◆ EXERCISE ◆
All that is wanted is the exact lines from the first line of the data below through the line with "Aktivisté vysypali na", both ends included, with pictures omitted.

◆ INFORMATION SUPPLIED ◆
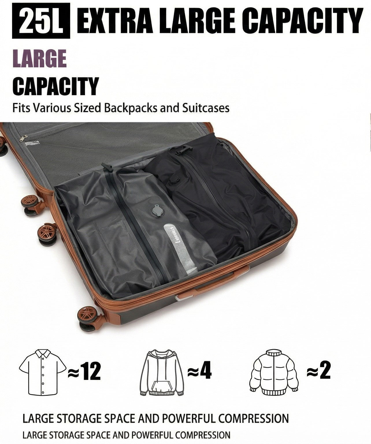 Our bags feature innovativeroll-to-compress technology. Simply seal the bag, then roll from the bottom - the one-way air valve automatically pushes air out. It's faster and more convenient than electric pumps!
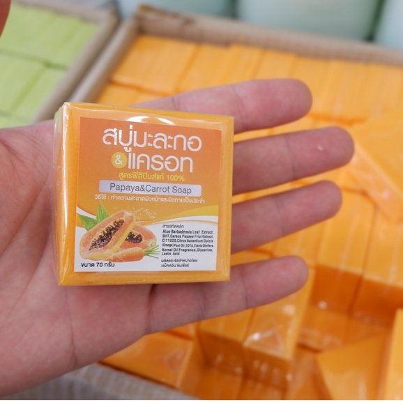🎉Big Sale🎉สบู่มะละกอแครอทแท้💯 สูตรดั้งเดิมจากฟิลิปินส์ ขาวใสลดฝ้ากระจุดด่างดำ ถูกมาก ขายเท‼️ขนาด70กรัม คุ้มสุดๆ
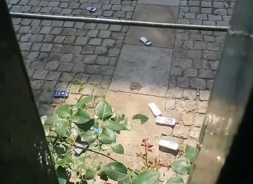 Aktivisté vysypali na dvůr maďarské ambasády desítky telefonů na protest proti špehování novinářů.
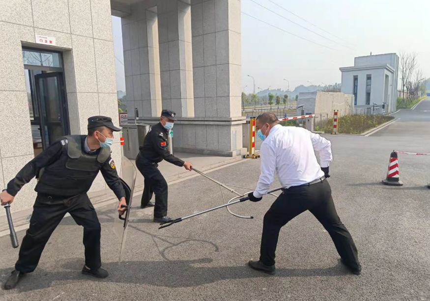 川酒物业保安队长组织开展了防暴处突应急培训。现场组织保卫人员就防暴叉、盾牌、防刺服、防暴头盔等安全器械的使用和突发事件的处置程序进行了培训讲解和模拟演示。

◆ SOLUTION BELOW ◆
 Our bags feature innovativeroll-to-compress technology. Simply seal the bag, then roll from the bottom - the one-way air valve automatically pushes air out. It's faster and more convenient than electric pumps!
🎉Big Sale🎉สบู่มะละกอแครอทแท้💯 สูตรดั้งเดิมจากฟิลิปินส์ ขาวใสลดฝ้ากระจุดด่างดำ ถูกมาก ขายเท‼️ขนาด70กรัม คุ้มสุดๆ
 Aktivisté vysypali na dvůr maďarské ambasády desítky telefonů na protest proti špehování novinářů.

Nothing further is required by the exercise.